Erst bin ich von einer geringen Nutzung der beiden Baleines ausgegangen, kurz vor Nîmes war der Zug aber dann doch voll...

#LeHavreLaMer

Am Sonntag war dann aus Sparsamkeit ein frühes Aufstehen angesagt. Um kurz nach sieben ging es zum Gare de Lyon, und von dort direkt ans Meer.

Gute vier Stunden später war damn auch die LGV Nimes - Montpellier erfolgreich befahren, in Sète gab es den ersten Zwischenstopp.

Hier war dann SNCF at its best angesagt: Auf -aktuell- nicht benutzten Bahnsteigen stehen ist gefährlich, und daher verboten.
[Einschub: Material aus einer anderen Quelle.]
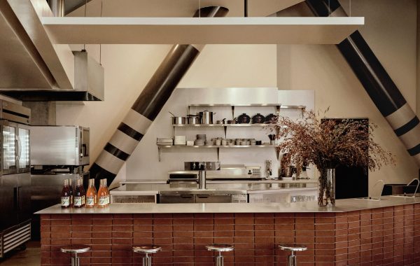 La cocina, por su parte, está ubicada junto a la estructura central, con gabinetes en suaves tonos metálicos y realzados con herrajes azules. Una columna estructural pintada en el mismo naranja que la estructura de acero atraviesa la isla de la cocina, conectando visualmente el elemento arquitectónico fijo con el volumen insertado.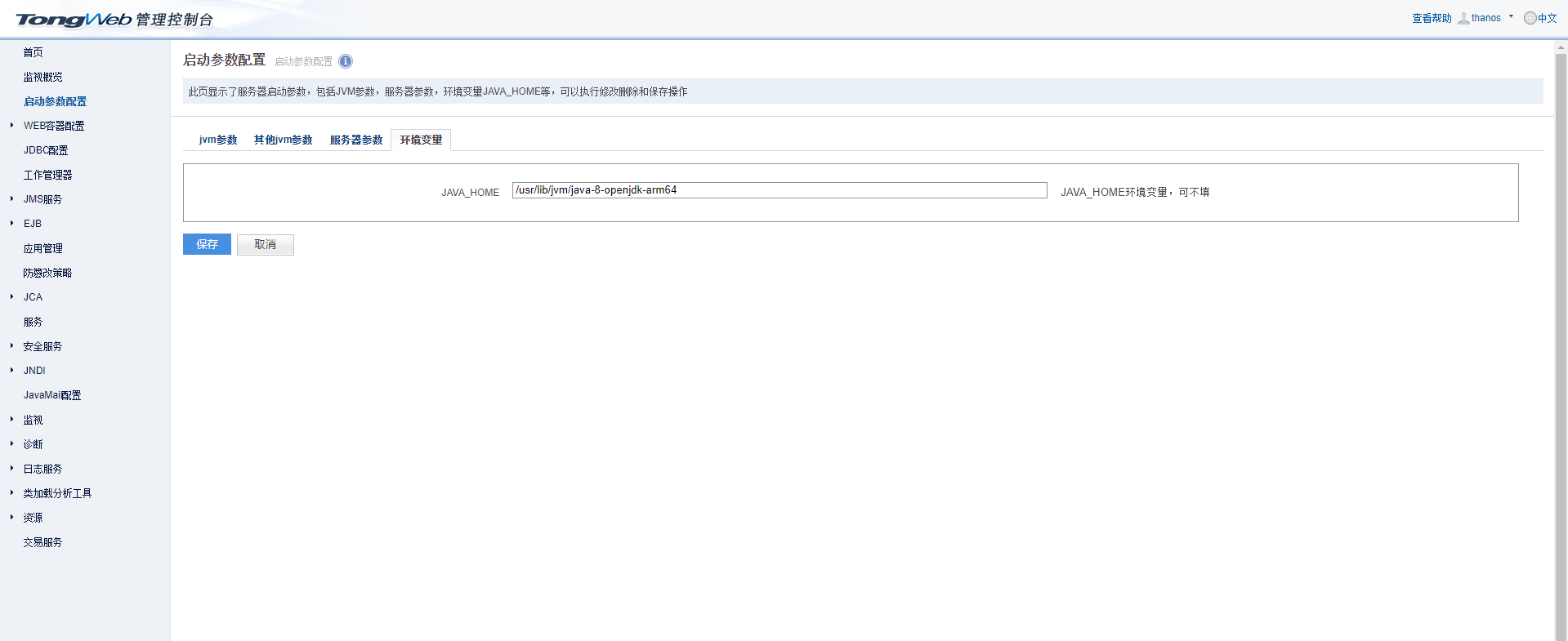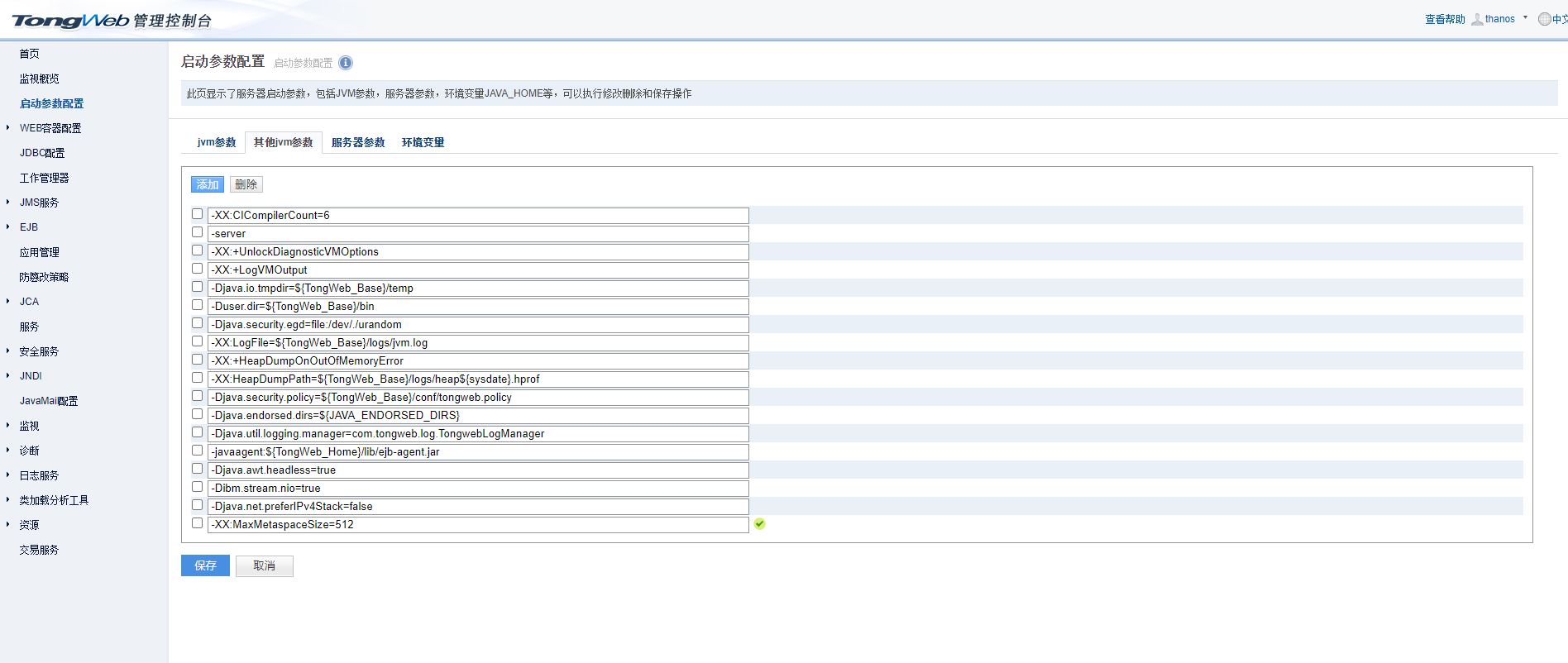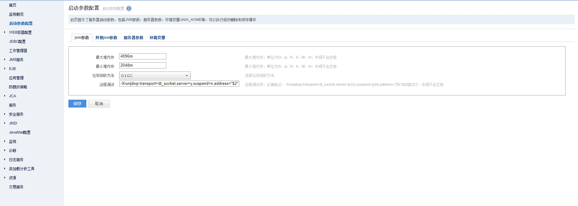 登录管理页面后需要在启动参数配置中配置jvmc参数:

Zu weit vom einfahrenden Zug (mit nur 15 Minuten Aufenthalt!) stehen ist gefährlich, und daher möge ich mich doch bitte woanders aufstellen. Mais Oui, dann mache ich das alles.

Immerhin durfte ich die Bahnhofskatze aus der Ferne fotografieren (bestimmt gefährlich!)...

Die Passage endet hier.